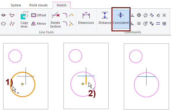 Sketching: Coincident constraint
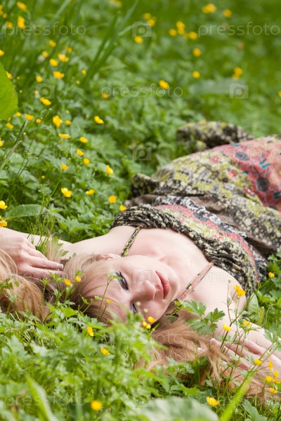 Женщина лежит на траве среди мелких желтых цветов
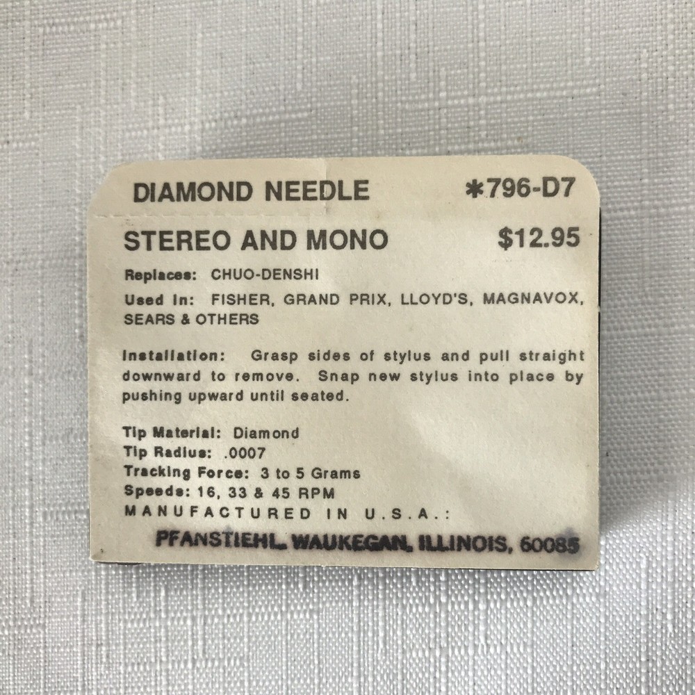 This Pfanstiehl #796-D7 needle is a genuine diamond-tipped replacement for record players and turntables. It is designed to fit Sears, Fisher, Magnavox, Lloyd's, Grand Prix, and Chuo-Denshi models. The needle is brand new and comes in its original packaging.
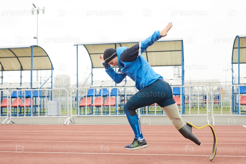 Молодой решительный паралимпийский спринтер с ампутированной ногой ниже колена размахивал руками и быстро бегал на пустом стадионе

▶ Exercise brief:
Exact transcription of the full listing above is required; images do not belong in it.

▶ Exercise result:
 Sketching: Coincident constraint
 Женщина лежит на траве среди мелких желтых цветов
 This Pfanstiehl #796-D7 needle is a genuine diamond-tipped replacement for record players and turntables. It is designed to fit Sears, Fisher, Magnavox, Lloyd's, Grand Prix, and Chuo-Denshi models. The needle is brand new and comes in its original packaging.
 Молодой решительный паралимпийский спринтер с ампутированной ногой ниже колена размахивал руками и быстро бегал на пустом стадионе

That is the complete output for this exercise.